A smartphone screen showing the icons of different social media apps
Photo source

The future of social media

“Creators will take the lead. They have the loudest voice and will shape what these communities will look like in the future. I don’t think that brands or the platforms themselves can afford to be driving and telling communities what they need to be.”

“So much of social media is a response to what is happening in the real world. The feeling of loss after covid, a war-torn time period, the disenchantment we have with polarisation in the world. Over the next few years, we will see how much social media is about connecting around things that are happening in real life, in the metaverse, and around virtual communities that are at the intersection of the metaverse and real life.
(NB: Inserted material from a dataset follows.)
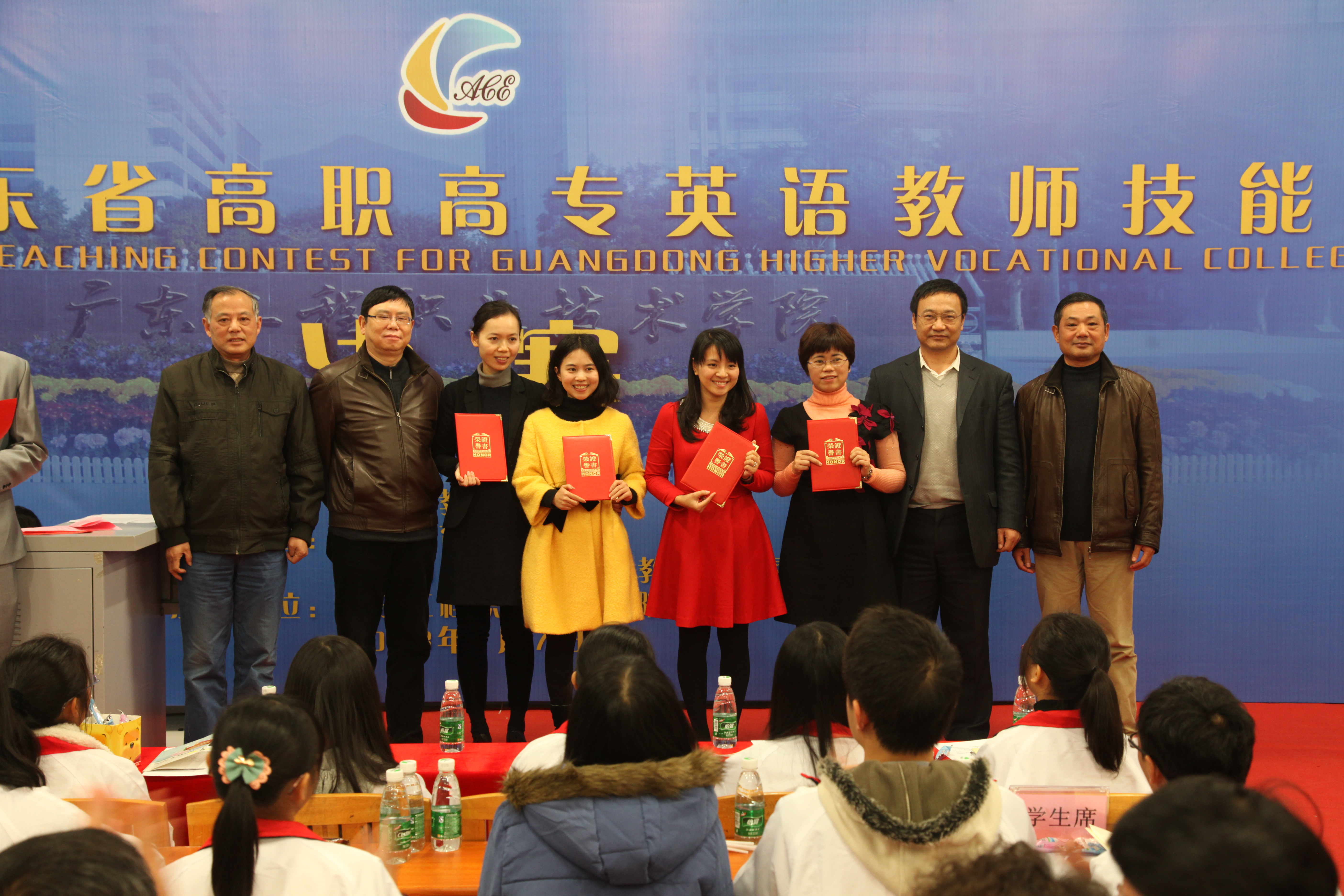 1月7日,由广东省教育厅主办,高等教育出版社、广东省高职高专英语教学指导委员会合办,我院承办的"广东省第三届高职高专英语教师教学技能大赛总决赛"在我院举行。本次大赛共有59所学校参加初赛,经过评委们筛选,确定了20所高职院校参加总决赛。经过近9个小时的紧张角逐,最后来自广州民航职业技术学院的李理老师、广东环境保护工程职业学院刘晓毅老师、深圳职业技术学院的朱小晶老师、广东职业技术学院华海燕老师以优异的成绩获得本次大赛一等奖。我院钟洁铃老师凭借别出心裁的教学设计、出色的课堂驾驭能力以及流畅的语言表达能力,荣获大赛二等奖。我院赖伟玲老师获得优胜奖。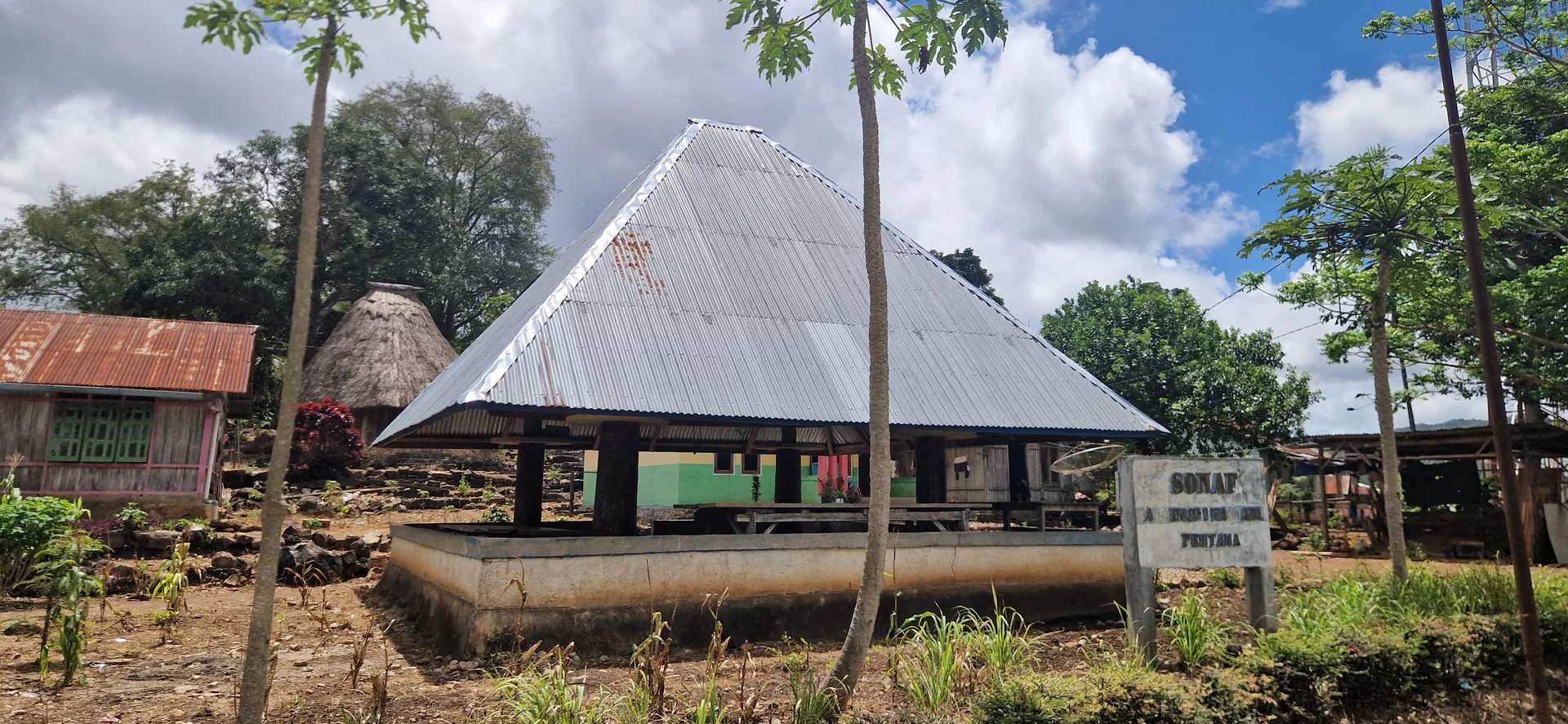 Auffällig sind die traditionellen, reetgedeckten Pavillons – Lopos genannt – die vor fast jedem Haus stehen. In moderner Ausführung sind sie mit Blechdächern versehen. Rund und spitz zulaufend, dienen sie als Versammlungsorte, Kochstellen, Schutz bei Regen oder einfach zum Plaudern.

What’s important is that it has to grow organically, it’s not a ‘If you build it, they will come’ situation anymore, they have to create it on their own. People want to connect with others that understand them. I don’t think we’ve given up on that, especially Gen Z who are interested in social values behind a community and the power it can bring. The creators who will lead the way are the ones who are respected for standing out and being notable for what they stand for.”

“A lot of companies are trying to impose their brand on their followers top-down versus letting their community drive that bottom-up. If a brand really wants to build a community of enthusiasts and advocates, they need to listen to them and know who they are in the first place. It’s very much a challenge and an opportunity to understand the mindset of an audience as it is evolving and to bring a brand into an atmosphere that they don’t control. Brands are contributors and facilitators of their social presence but the customer is the owner of it. That’s why we need to provide them with what they want: connecting, talking, and sharing.”